Guess again, Johnny. What to my wondering eyes should appear glaring vengefully up at us when we took the stage for our first set but every pimply, misshapen, or otherwise irredeemably dweebish past member of a high school electronics club in LA and his girlfriend, and oh boy, were they in no mood whatever for tight-in-the-crotch bellbottoms and evocations of Boston. We finished every song either to deathly silence or gentle hissing. And then Mothersbaugh and his men came on in their wacky matching jumpsuits, all herky jerky rhythms, robotic movements, and bleating declamation, all fervently...kooky. And the misshapen, pimply, and irredeemably dweebish were in absolute ecstasy. 

Now, as our dressing room remained the loneliest place in Los Angeles, 'twas another phrase entirely that came to mind: Something is happening here, but you don't know what it is, though of course I knew very well. Seven years before, I'd been one of Iggy Stooge's most fervent and well-placed (writing for national magazines) early fans. Nine months before, in London, I'd been one of the first living Americans to get wind of the Sex Pistols, produced by the same guy who'd produced CMilk, and had found 'Anarchy in the UK' transformatively exhilarating. But what on earth did the arty, staunchly arch Devo have to do with punk?

This: the Starwood gig made the misshapen and disenfranchised who attended it realise their numerousness. None could deny it now: they were a bona fide constituency, capable of supporting a...scene! Suddenly, punk was everywhere. 

The Dils! The Weirdos! The Screamers! The Germs! The Dickies! The Thises! The Thats!

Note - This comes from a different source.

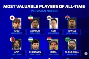 以下为亚足联各队历史身价最高球员具体身价情况: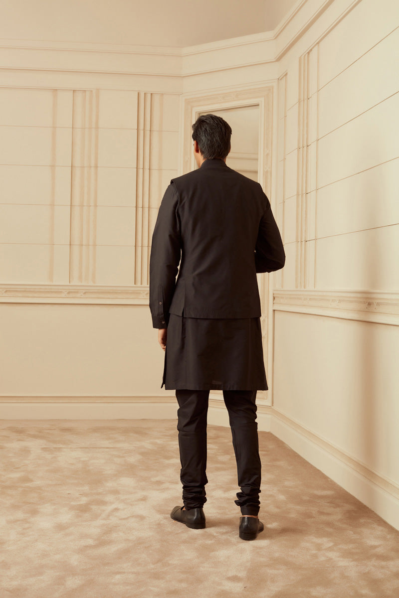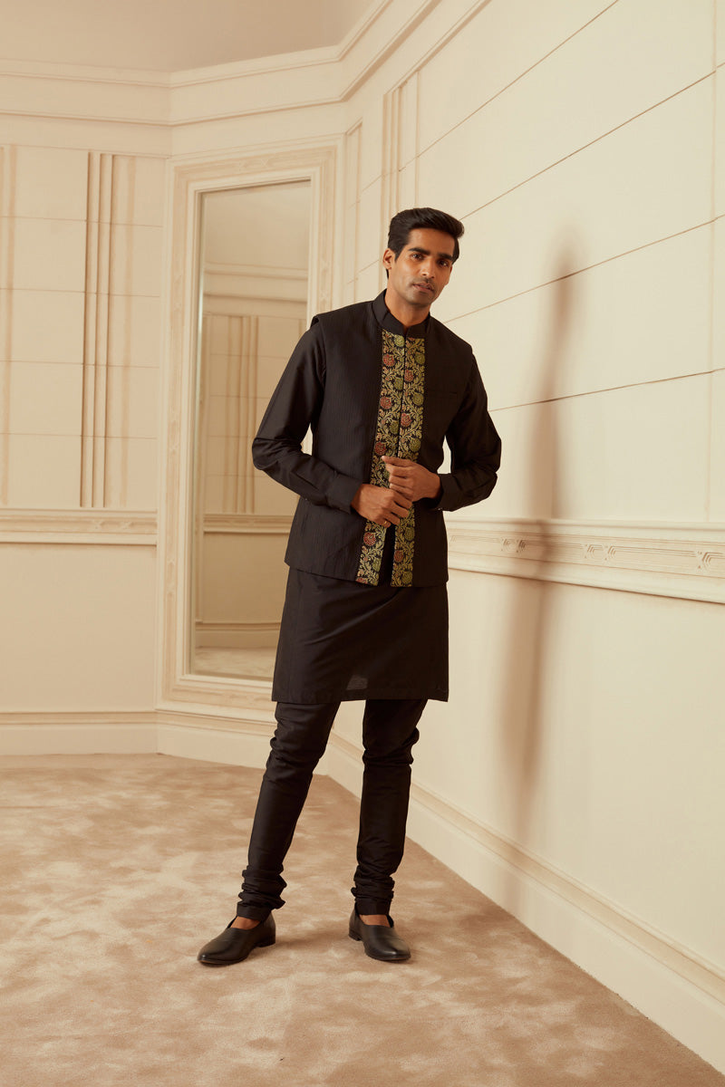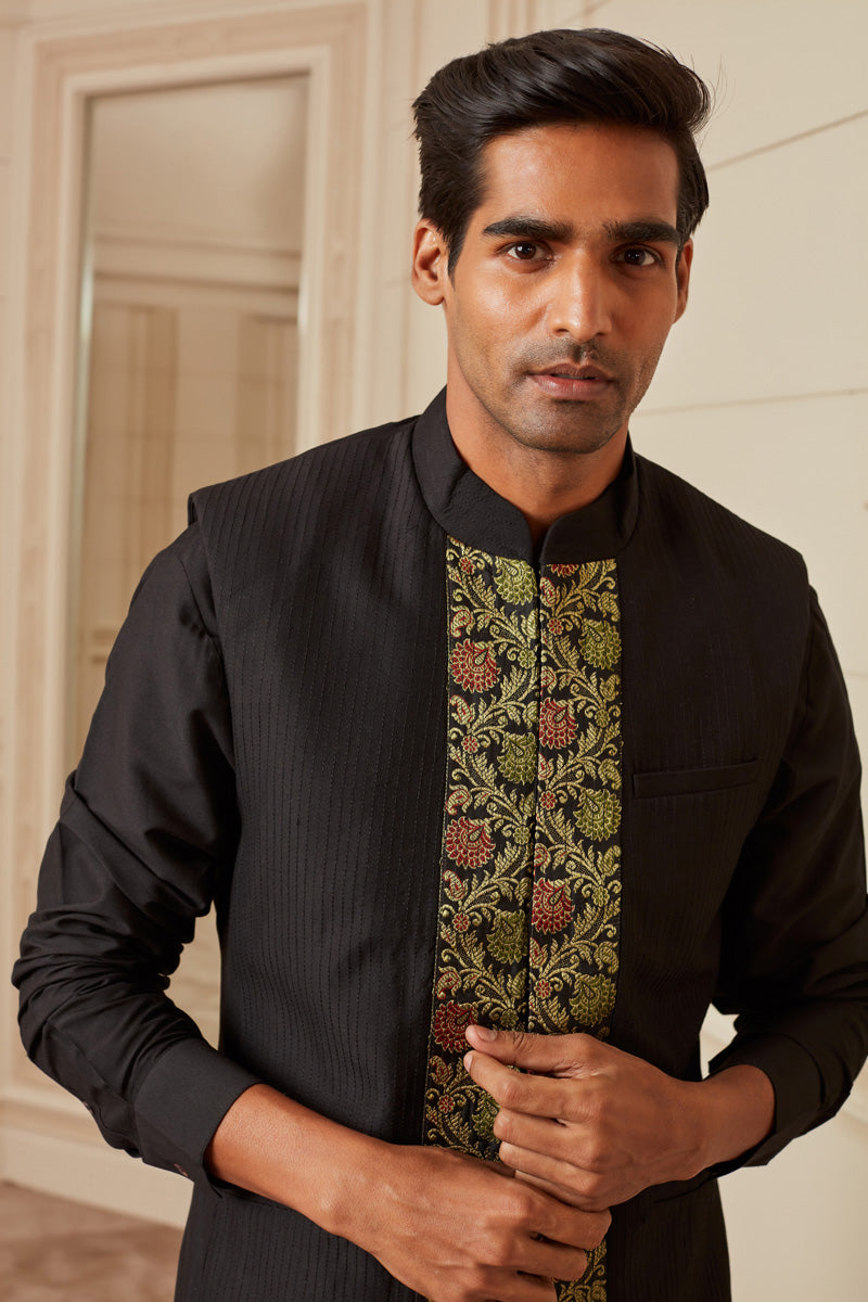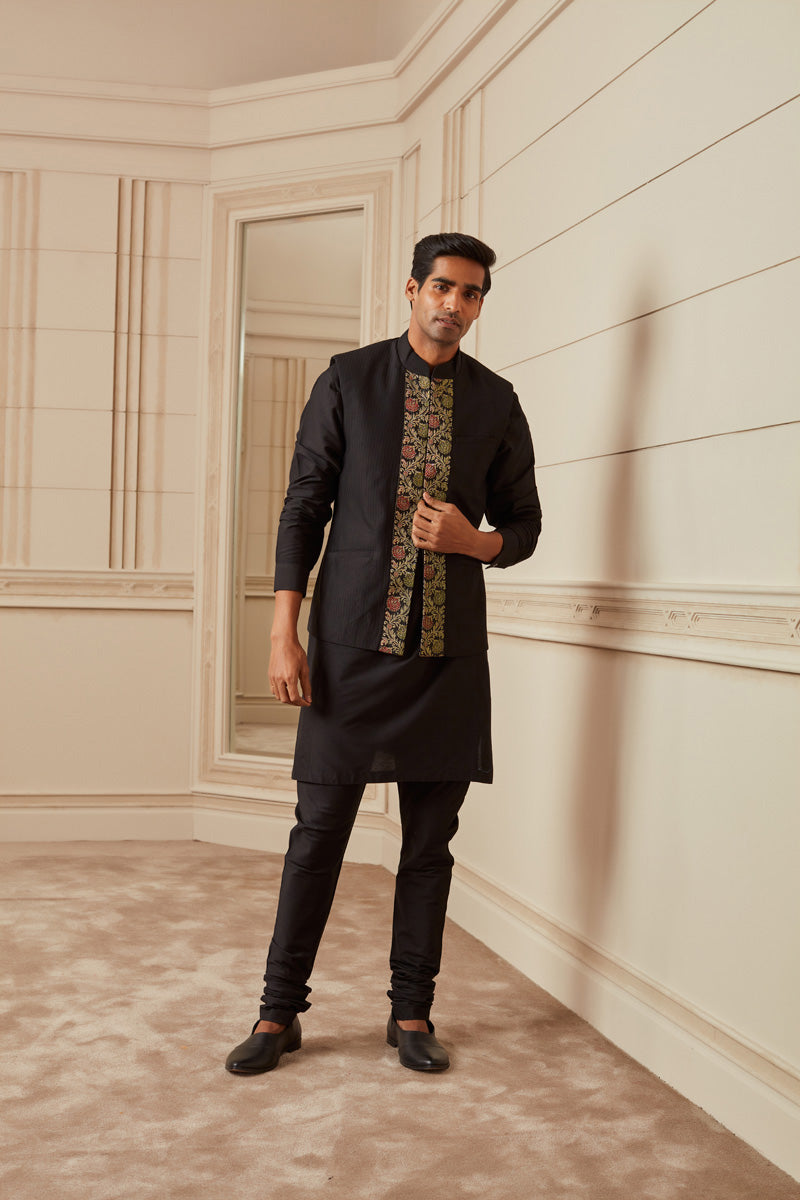 Give your dark tonal ensemble a festive makeover with this jet black bundi that features a contrasting floral-embroidered placket. Embroidered in subtle threadwork all over, the jacket looks best when worn with a matching black kurta and churidar set. Keep the look monochromatic with a pair of black leather juttis. A handsome look without even trying.

The most unlikely places - restaurants in Chinatown (few had heretofore suspected that LA even had one!), bars formerly popular with 72-year-old barflies in birdshit-caked baseball caps glaring murderously at their own drinks in mid-afternoon — became key venues for the new music. The curmudgeonly restauranteuse Esther Wong emerged as a key impresaria even though (or, it occurs to me as I write this, because) her English was intelligible only to those with a few stiff drinks in them.

Suddenly there were as many awful, brazen imitations of the Sex Pistols and Clash about as there'd been awful, brazen imitations of the Rolling Stones a dozen years before.

As in every pop music upheaval, most of the would-be-cashers-in on the trend got it all wrong, neither less nor more in LA than elsewhere. In theory, punk made musicians long on vim and vision but short on chops feel they had nothing to apologise for. In practice, a lot of no-talent bozos began offering their not having been troubled to learn to play their instruments as inherently noble, as a manifestation of the True Spirit of Rock. But if rock and roll had really been reclaimed from the virtuosos and smirky narcissists, how was it that local boys Van Halen's debut album was outselling all the punk groups' put together by a factor of around 1000 to 1?

In a year or so, when everybody got fatally fed up with punk's chaos and cacophony, it began to be pushed aside by self-described power poppers in narrow ties, most notably The Knack, who raised the smirky narcissism bar to an altitude heretofore unimagined. ("...but the little girls understand," indeed!) Within two years, Motley Crue, the worst group in the history of Western popular music, had become the city's darlings. Whereupon a new phrase sprang to mind: Ever get the feeling you've been cheated?